# My first grow. White Widow.



## Bullshoalsguy (Sep 22, 2021)

I think I’m 2 weeks from harvest?  Just not sure.  Outdoor grow pulled a bud to look inside. Would love to harvest now but I think I’m just anxious. Thoughts or tips are welcome!

photos deleted as they were geotagged. Will take new ones tonight


----------



## zem (Sep 23, 2021)

Hi Bullshoalsguy. This is a beautiful grow in any measure, for a first grow this is awesome and deserves congratulations! With regular pics it is not possible to tell for sure when it is ripe. But I suspect it needs a while longer, it will bulk up, add more weight and the resin will be ripe. The last point is what you need to be able to observe, so you need a 60x + scope to observe the crystals and determine if they are ready. You can buy such a scope for cheap and it does the job or you could get a better one that is easy to use. You can find some info about how to tell that THC is ripening in the harvesting forum.


----------



## WeedHopper (Sep 23, 2021)

Yep always go by the color of the triches.


----------



## bigsur51 (Sep 23, 2021)

Awesome job on your first grow!

what type of fragrance do your plants emit?

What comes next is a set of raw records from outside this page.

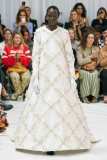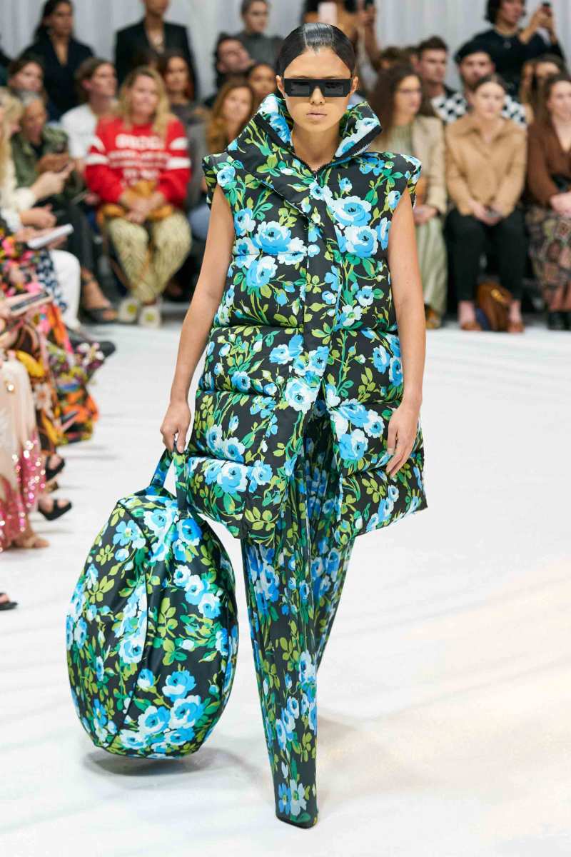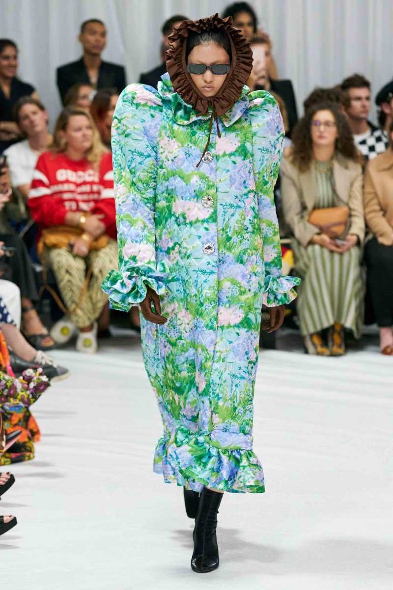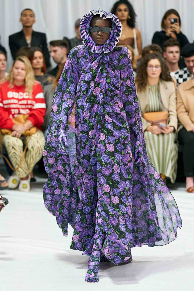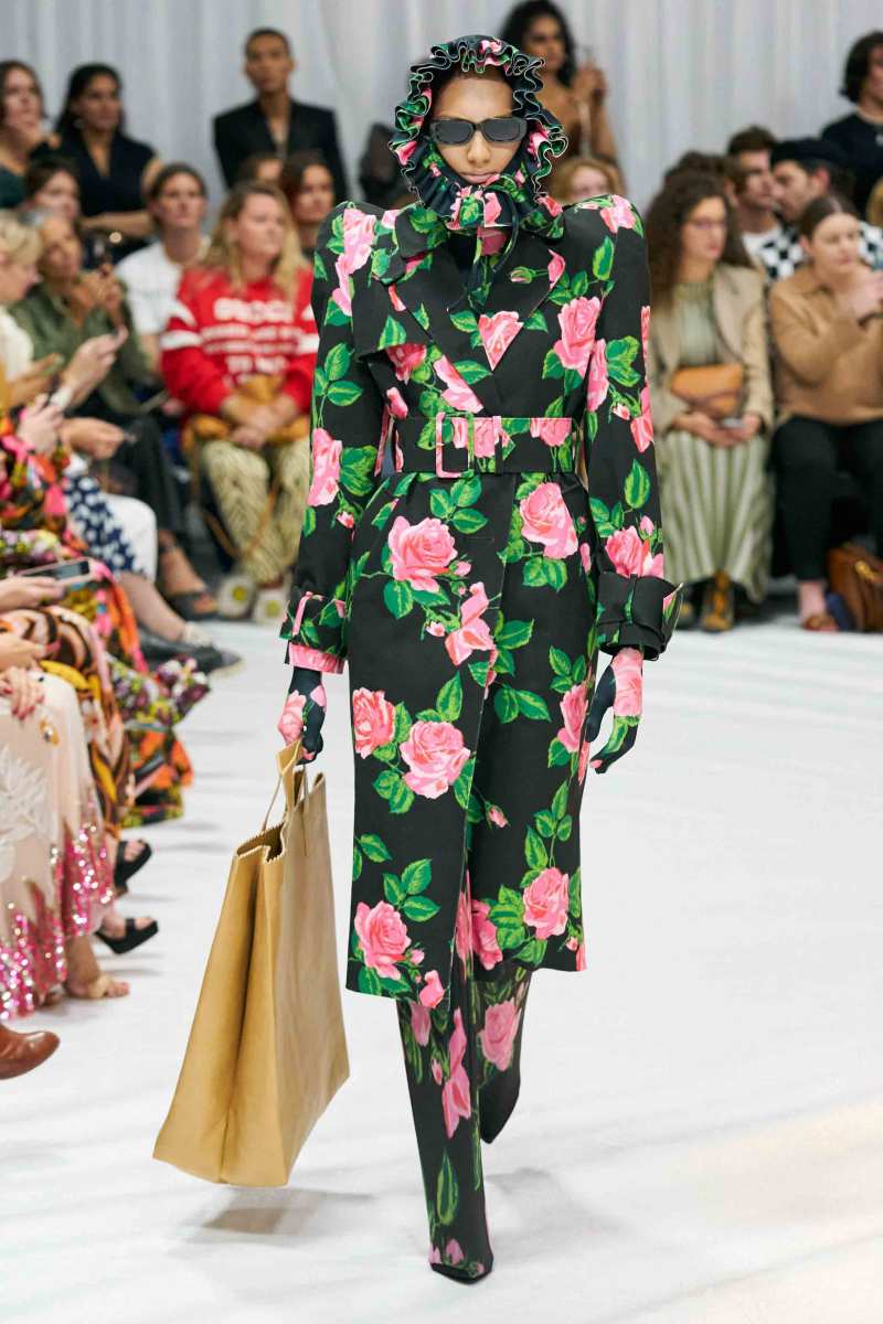 Tra le forme, si vede il ritorno delle spalle imbottite dall’effetto gotico che ricordano le creazioni di Demna Gvasalia per Balenciaga di qualche collezione fa. Ma in realtà lo stilista inglese le ha nel suo dna fin dalla collezione di debutto. Il pattern di punta è il classico di Quinn, la stampa floreale in dimensioni macro, che invade abiti e ingombranti cappotti dalle spalle ricurve e dalle rouches alle estremità.
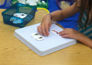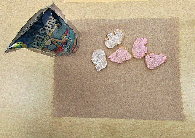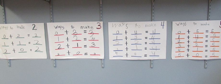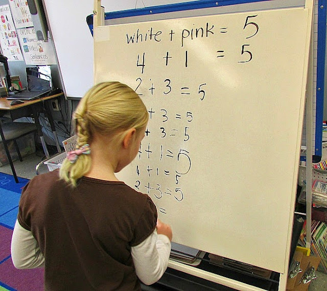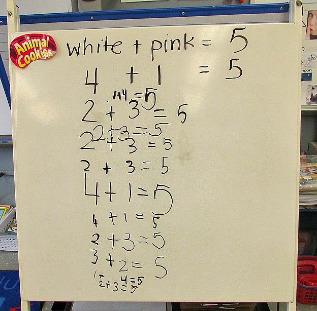 Snack time is another great chance to work on math facts. We have been working on reviewing our facts of five, so I gave everyone 5 animal cookies out of the bag. Then, one at a time, they each came to the board to write their five fact, by writing how many white cookies and how many pink cookies they had. This was great for fluency practice, because we kept reading the math sentences and noticing how many were the same.
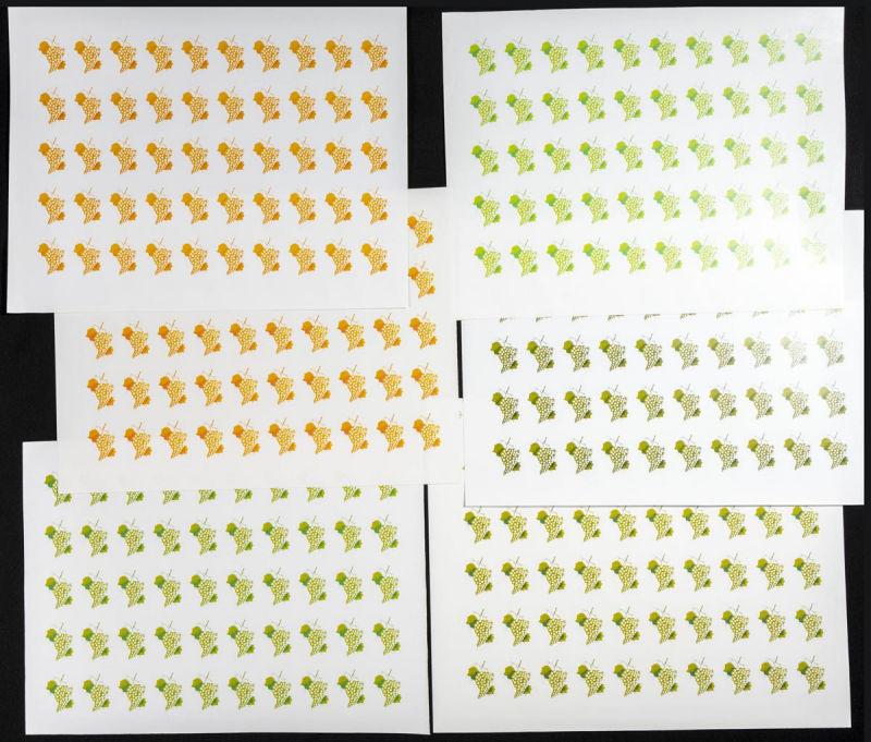 |**|Yvert T60/63. 1974. Postage due, fruits. Group of progressive plate proofs of the set. TO EXAM. Description of lots is limited to the cataloguing of the stamps and their characteristics. The total of the material included in each case is photographed to allow an assessment of the quantity and distribution of the offered pieces. In case of doubt or discrepancy, the images will always prevail over the description. (Image)
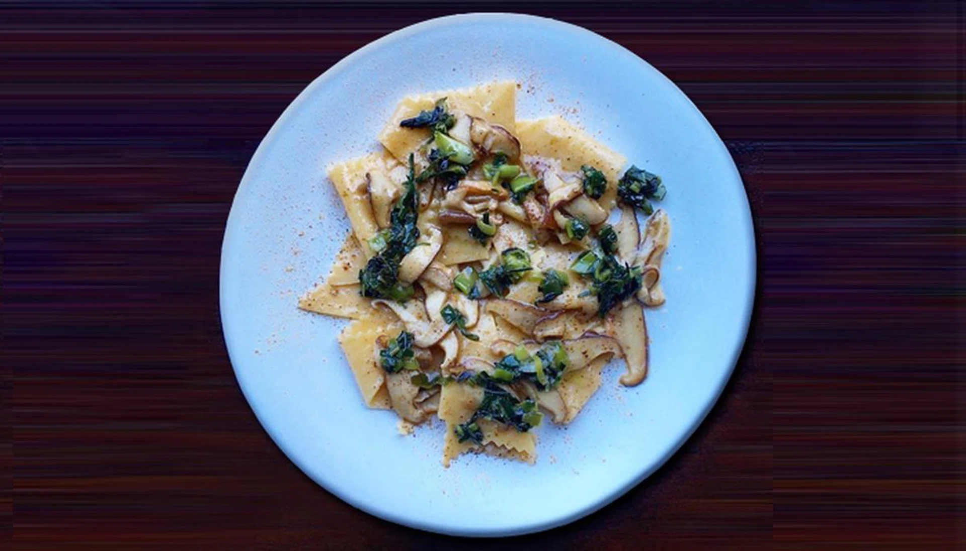 05. Plate the pasta and dress with the burnt scallion dressing. Serve immediately.
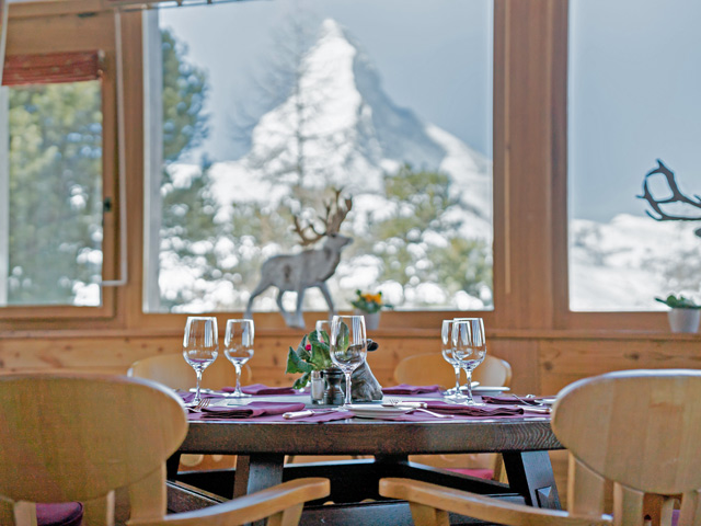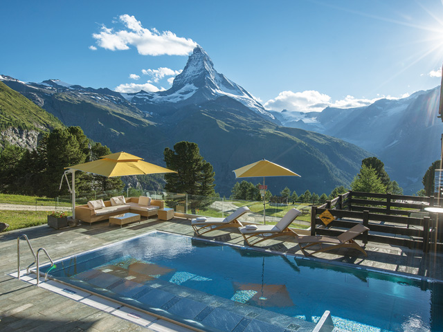 ゴルナーグラート展望台への登山電車の途中駅リッフェルアルプにあるデラックスリゾートホテルです。標高2222mの高さに位置しているため、麓のツェルマットよりもさらに迫力あるマッターホルンの眺めをお楽しみいただけます。フリータイムにはホテルのスパもお楽しみいただけます(料金別途)。
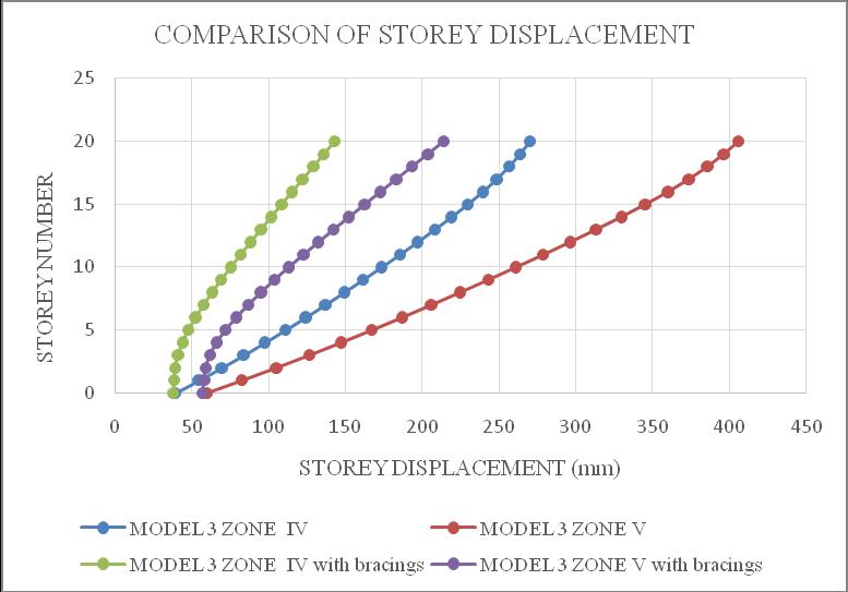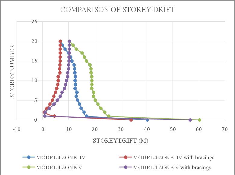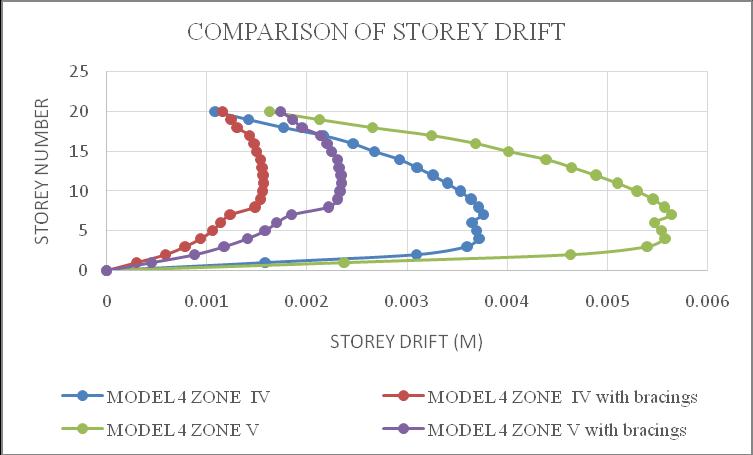 Formodel 4zone IVandzoneV with bracingsthe maximum storey drift occurs at Storey 17 with a valueof0.001044mand0.001544m.

also , wait two more weeks


----------



## Bullshoalsguy (Sep 23, 2021)

bigsur51 said:


> Awesome job on your first grow!
> 
> what type of fragrance do your plants emit?
> 
> also , wait two more weeks


The fragrance is super sweet. Unlike what I was expecting not much skunk smell, just amazing fresh odor. Luckily they are behind a big fence and on 5 acres so no worries with smell and neighbors.


----------



## Bubba (Sep 23, 2021)

Bullshoalsguy said:


> I think I’m 2 weeks from harvest?  Just not sure.  Outdoor grow pulled a bud to look inside. Would love to harvest now but I think I’m just anxious. Thoughts or tips are welcome!
> 
> photos deleted as they were geotagged. Will take new ones tonight


Geotagged...that is something I want to know more about. Covert folks will be interested.
I am assuming this is an artifact of smart phones? Non smart digital cameras safe I guess?

Please do tell!

Bubba


----------



## ROSTERMAN (Sep 23, 2021)

Bubba said:


> Geotagged...that is something I want to know more about. Covert folks will be interested.
> I am assuming this is an artifact of smart phones? Non smart digital cameras safe I guess?
> 
> Please do tell!
> ...


If you take a picture from a ph or Cam that has GPS activated (on) it imprints your GPS coordinates on the pictures posted


----------



## Bubba (Sep 23, 2021)

I have a VPN service. Does the GPS give my physical location, or the location of the IP address of the server my VPN is using? I just don't understand a lot about what is tracking what!

Or does just turning off "location" accomplish the fix?

Bubba


----------



## Bullshoalsguy (Sep 23, 2021)

It’s easy to turn it off. Just google it. It’s in settings. Don’t want anyone getting shot on purpose


----------